In this way many acres in the neighbourhood of Pital were taken from the forest, and added to the grass-lands, whilst I was in the country. The brushwood-land does not yield such good crops as the virgin forest, but it is nearer to the huts of the cultivators, who live out on the savannahs, so that whenever the weedy shrubs gain possession of a spot sufficiently large for a clearing, and choke off the grass, these places are again cut down and burnt, and thus the forest is never allowed to establish outposts, or advanced stations, in the disputed ground. What would be the result if man were withdrawn from the scene, I do not know, but I believe that the forest would slowly, but surely, regain the ground that it has lost through long centuries. The thickets and dense brushwood that always spring up along the edge of the forest, and consist of many shrubs that the leaf-cutting ants do not touch, would gradually spread, and beat back the grass. In their shade and shelter, seeds from the forest would vegetate and grow, and thus, I think, very slowly, inch by inch, the forest would regain its long-lost territory, and gradually extend its limits towards the south-west, until it reached its old boundaries, where a change in the physical character of the land, or in the amount of moisture precipitated, would stay its further progress. It is far more likely, however, that man will drive back the forest to the very Atlantic than that he will quit the scene.

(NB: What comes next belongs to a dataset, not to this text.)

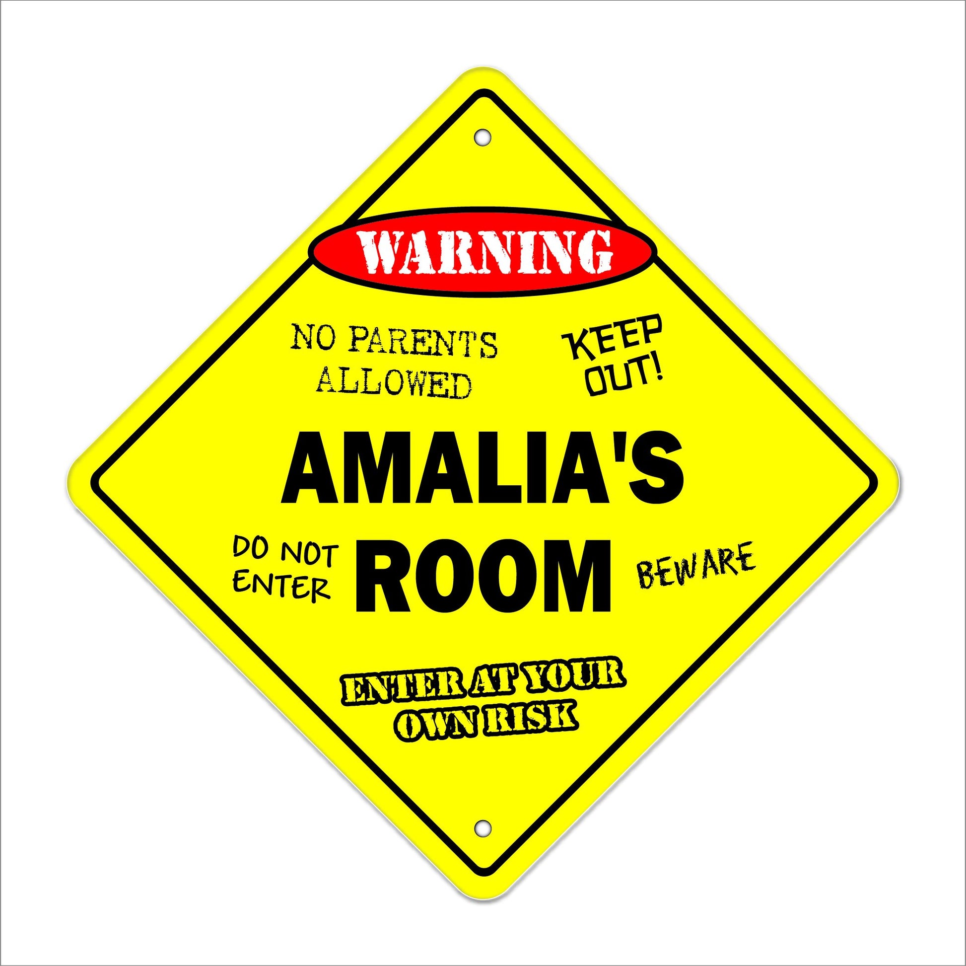 Details: Everybody loves personalized gifts and this is perfect for those kids in your life Made in the USA these signs are sturdy weatherproof plastic 12 tall and 12 wide diamond shaped with rounded corners and 2 cut mounting holes. Made To last Made from a special plastic designed to hold up to a beating, This sign can bend with out breaking and will never chip or crack, the colorful lettering will last a lifetime indoors and up to 4 years in the sun for outdoor use. Safe for A Childs Room Our signs have rounded edges and our made of a very strong but lightweight plastic so you can hang it in your child's room without the worry of it falling and hurting your child or cutting them with sharp edges. Product Details: Amalia's Room SignPre-Cut Mounting Holes Indoor and Outdoor Use Rust and Fade Resistant One - Sided Scratch Resistant treated Ink Dimension: 12 Tall x 12 Wide Made in the USA Outdoor Durable Plastic Click Add to Cart to get your Amalia's Room sign today and enjoy a good laugh each time you pass by!

After passing the Indian graves, about a league from Libertad, we turned off to the right, by a path that led directly to the Mico, without going through the town. After crossing several rounded grassy hills, we reached the river, and found it swollen with recent rains, but fordable. Sometimes travellers are detained several days, unable to cross, and I was always glad when, returning to the mines, I had put it behind me. Now and then a traveller is drowned when attempting to cross the swollen river, but these accidents are rare, as it is well known, by certain rocks being covered, when it is unfordable. If carried away, a traveller has little chance to save his life, as just below the crossing the river is rapid and the banks precipitous. I heard of one man who had had a very narrow escape. He was trying to cross on mule-back, but his beast lost its footing, rolled over, and was rapidly washed away. The poor man was carried into the roaring rapids, and would soon have been drowned, but a herdsman on the bank, who was looking for cattle, threw his lasso cleverly over the drowning traveller, and dragged him on shore. Some of the "vacqueros," as the herdsmen are called, are wonderfully adroit in throwing the lasso; when riding at full speed, they throw it over the horns of the cattle, or the heads of the horses, and can hold the strongest if sideways on. But I have seen some old bulls that knew how to get loose; they would run straight away from the vacquero in places where he could not ride round them, and getting a straight pull on the lasso, would break it, or draw it out of his hands. There are no horses or mules, and very few cattle, however, that know how to do this, I was told by the herdsmen.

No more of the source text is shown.